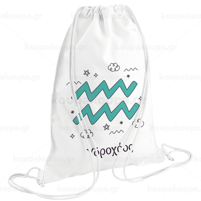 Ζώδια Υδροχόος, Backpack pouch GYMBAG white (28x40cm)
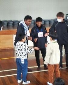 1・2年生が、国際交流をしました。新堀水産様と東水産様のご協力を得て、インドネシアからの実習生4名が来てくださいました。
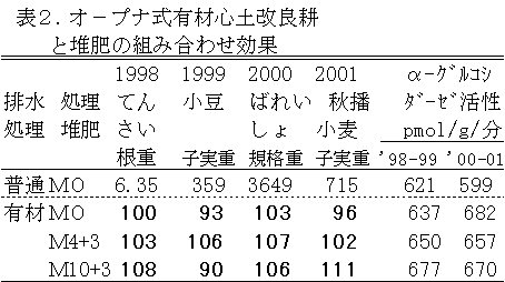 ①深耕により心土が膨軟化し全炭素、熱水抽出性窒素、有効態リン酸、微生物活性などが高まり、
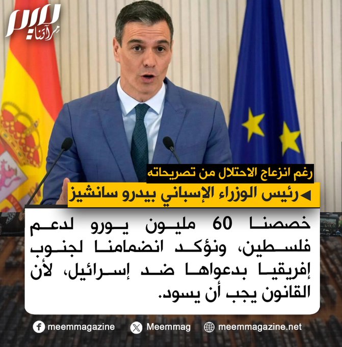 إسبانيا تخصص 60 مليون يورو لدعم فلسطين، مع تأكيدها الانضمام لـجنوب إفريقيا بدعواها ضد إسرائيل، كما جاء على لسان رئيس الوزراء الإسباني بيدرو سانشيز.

==========

What needs to be done: Pictures stay out; everything else in the listing above gets repeated exactly.

Result of the task:
 Ζώδια Υδροχόος, Backpack pouch GYMBAG white (28x40cm)
 1・2年生が、国際交流をしました。新堀水産様と東水産様のご協力を得て、インドネシアからの実習生4名が来てくださいました。
 ①深耕により心土が膨軟化し全炭素、熱水抽出性窒素、有効態リン酸、微生物活性などが高まり、
 إسبانيا تخصص 60 مليون يورو لدعم فلسطين، مع تأكيدها الانضمام لـجنوب إفريقيا بدعواها ضد إسرائيل، كما جاء على لسان رئيس الوزراء الإسباني بيدرو سانشيز.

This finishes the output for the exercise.